Joyful Blues at Celebrate Brooklyn, Prospect Park
Adama Delphine Fawundu’s Joyful Blues is a banner and pole installation that combines photographs taken in the late 1990s of Black girls in Brooklyn as well as Garra, a fabric design from Sierra Leone, West Africa.
Adama Delphine Fawundu’s art is centered on personal and cultural memory, as well as narratives connecting Africa and its diaspora. Textiles and repeated patterning accompany her photography to become an interplay of fact and fiction, history and memory. Fawundu’s banner and pole installation, Joyful Blues, combines photographs taken in the late 1990s of Black girls in Brooklyn as well a Garra fabric designs from Sierra Leone, West Africa. Together, they offer a symbolic backdrop for a reading of the park, one that merges into the landscape like a piece of clothing on the body, deeply informed and shaped by the people that wear them. A representation of ancestral knowledge, the work is meant to inform future generations to embody freedom, love, and joy.
The banners feature photographs from the series I Am Here: Girls Reclaiming Safe Spaces of Black girl culture mostly in Brooklyn, but also in South Africa and Ghana, from 1997 to the early 2000s. This series promotes the idea of safe spaces and freedom for Black girls both within and outside of their bodies. The textiles adorning the banners and poles are from the artist’s For Mama Adama series, inspired by Fawundu’s Grandmother’s garra textile business in Sierra Leone, West Africa. The process of making this photographic series, which includes making film from her grandmother’s fabrics and layering them into new prints, is symbolic of the power within intergenerational stories and ancestral knowledge.
Fawundu uses garra, a form of tie-dying and batiking. The artist notes about this process, “drawing on the layered nature of Garra fabrics, I combine these processes to create new patterns and new languages while activating body memory and my ancestral consciousness." Textile patterning in Fawundu’s artwork provides a platform for broader questions about history: what layers are covered and what is revealed?

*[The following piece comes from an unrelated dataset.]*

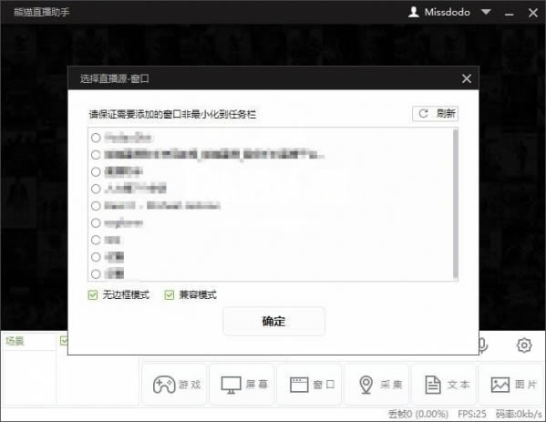點擊“窗口”按,自行選擇窗口進行直播,自行無邊框模式
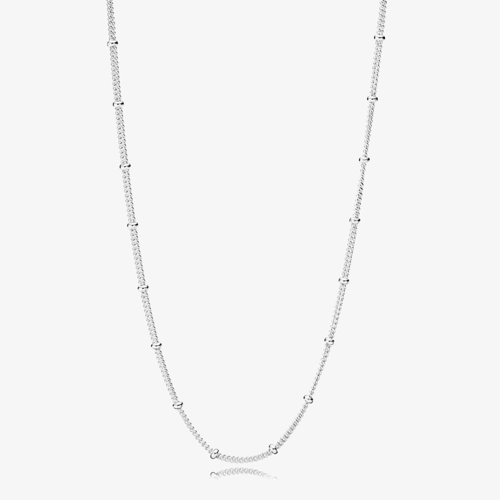 Add versatility to your jewellery collection with the PANDORA Sterling Silver Beaded Trace Chain Necklace. Crafted in sterling silver, this 70cm chain features delicate silver beads spaced along the length, making it perfect for layering with other necklaces or wearing alone for a subtle, elegant look.

Where do the patterns of history start and where do they lead? The circle motifs evoke the continuum of the past, present, and future that our bodies hold. Garra is a time-consuming hand-dying technique usually made in a communal multi-step process. Understanding this lineage allows for a richer understanding of how history can be rewritten. A complex patterning that when pieced together into one whole a richer fabric is created.
Fawundu has over twenty years of experience working as a photographer in Brooklyn. She gained her reputation documenting global Hip-Hop and urban youth culture since the 1990s and has grown her practice to include printmaking, video, sound, and assemblage. Her work has been included in such seminal exhibitions and books as Contact High: A Visual History of Hip-Hop, Fashioning Black Masculinity: The Origins of the Dandy Lion Project, and Reflections in Black: A History of Black Photographers 1840 to the Present.
Fawundu co-founded MFON and independently published the book MFON: Women Photographers of the African Diaspora. Her work is included in private and public collections including those of the Brooklyn Museum and The Center for Brooklyn History, both in Brooklyn, NY; Norton Museum of Art, West Palm Beach, FL; Corridor Contemporary, Philadelphia, PA; David C. Driskell Center, University of Maryland; and the Museum of Contemporary Art, University of São Paulo, Brazil. She has presented her work at the Schomburg Center for Research in Black Culture, Harlem, NY; and Harvard University, Cambridge, MA; Tate Modern, London, England. Fawundu has received awards from the Rema Hort Mann Foundation, and OkayAfrica’s 100 Women. Her fellowships and residencies include BRIClab Contemporary Art, Brooklyn, NY; Center for Book Arts, New York, NY; and Project for Empty Space, Newark, NJ. Fawundu received an MFA from Columbia University.